I need some advice on diving in sharm el sheikh. I've had a few intro dives while I was out there earlier this summer, and have decided to pack up and go dedicated my life to diving as I've fallen in love with it. 

I understand the pay is not all that good. But of course understand this and I'm doing it for diving.

As I'm starting out as a newbie, how long will it take me to work after I qualify? I've heard I need to do at least over 100 dives in my logbook before I can start working as a diving instructor. 

Are there any internships that I can do? I guess I have to wait and see until I get out there, I'm just a want to fully prepare myself before heading out there. 

I'm not coming out with alot of money, just enough to live on for a month or too. (hence the fact I have to pay for all the diving lessons!!) 
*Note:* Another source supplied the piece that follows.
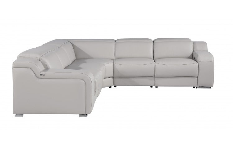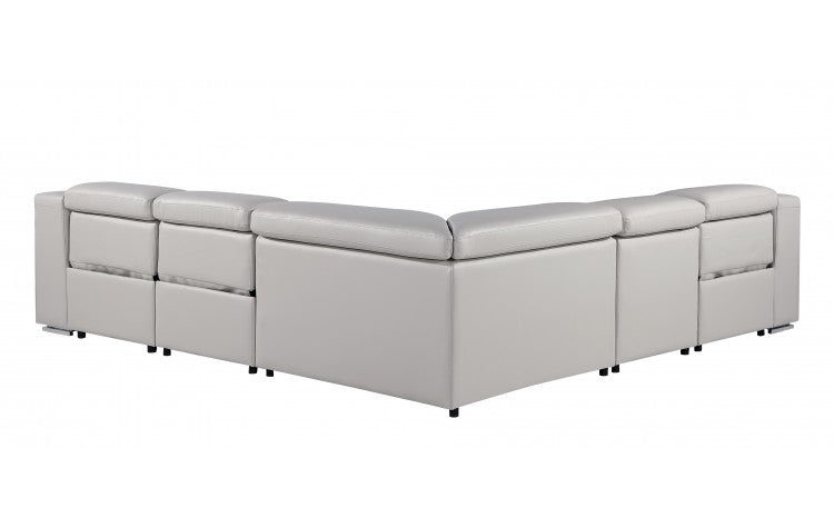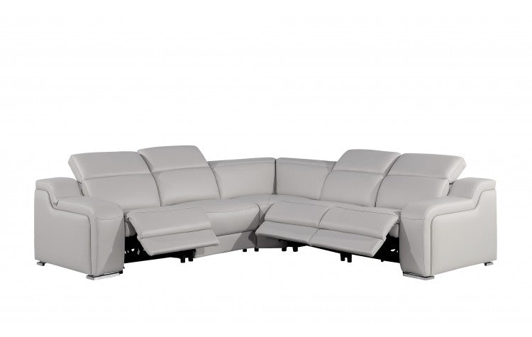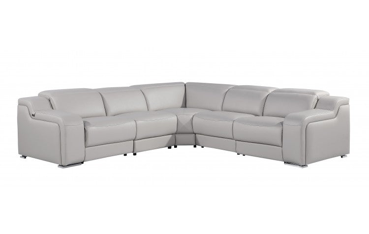 1116 DivanItalia Light Grey Top-Grain Italian Leather 5-Piece Sectional with 3 Power Reclining Seats & Power HeadrestModel: 1116-LT_GRAY-3PWR-5PC
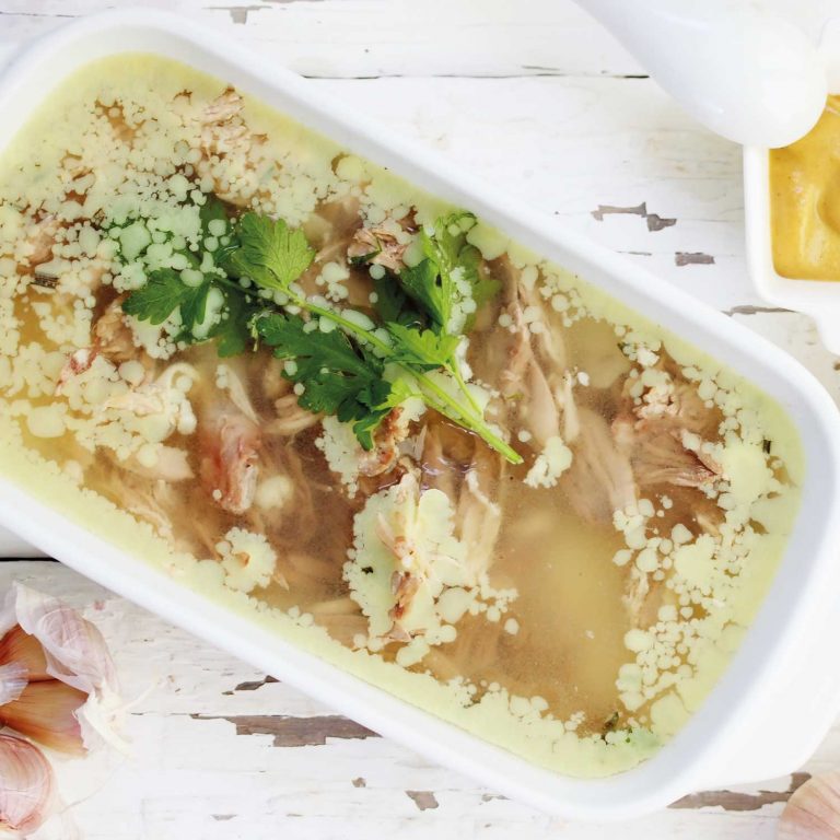 Die Sülze schmeckt in Scheiben geschnitten mit Senf oder Kräuterremoulade und knusprigen Bratkartoffeln.

Any information from you guys would be much apprciated. 

Thanks.


----------



## Sam (Aug 27, 2009)

jenni_11 said:


> Hello all.
> 
> 
> I need some advice on diving in sharm el sheikh. I've had a few intro dives while I was out there earlier this summer, and have decided to pack up and go dedicated my life to diving as I've fallen in love with it.
> ...


Hi,

I admittedly do not know much about diving, but I'm thinking if you've only ever done a handful of dives that it'll be some time before you'd be let on the loose as an instructor. I am also aware that it is VERY costly to get that far. You may be better off working as a counter girl or snorkeling guide for a diving centre and diving recreationally to notch up experience rather than the super expensive courses. You would probably then get discounts on the courses, although it may not be much.

Either that or just work in any job and keep diving as a hobby. After all they say you can have too much of a good thing, if you dive everyday you may start to hate it!!


----------



## 90199 (Mar 21, 2010)

Jenni, you do not have to travel all the way to Egypt. The island of El Hierro part of the Canarian Archipelago, is a world famous location for scuba diving. We are part of the European Union so access for you is easier.

Most of the diving takes place in a small fishing port called La Restinga, have a look at this link,

La Restinga - Diving Center Club - El Hierro - Submarinismo El Hierro - Bucear en las Islas Canarias

Maybe you will be tempted


----------



## jenni_11 (Aug 15, 2010)

Sam said:


> Hi,
> 
> I admittedly do not know much about diving, but I'm thinking if you've only ever done a handful of dives that it'll be some time before you'd be let on the loose as an instructor. I am also aware that it is VERY costly to get that far. You may be better off working as a counter girl or snorkeling guide for a diving centre and diving recreationally to notch up experience rather than the super expensive courses. You would probably then get discounts on the courses, although it may not be much.
> 
> Either that or just work in any job and keep diving as a hobby. After all they say you can have too much of a good thing, if you dive everyday you may start to hate it!!


thanks sam!

I completely understand that I won't be working as an instructor straight off, I've already been given a huge discount from an instructor who is a family friend. And I did consider working at a shop or as a snorkling giuide, which I think is my best option atm, which is fine, as long as it's still associated with diving I'm all good. 

Thanks for the info sam!!


----------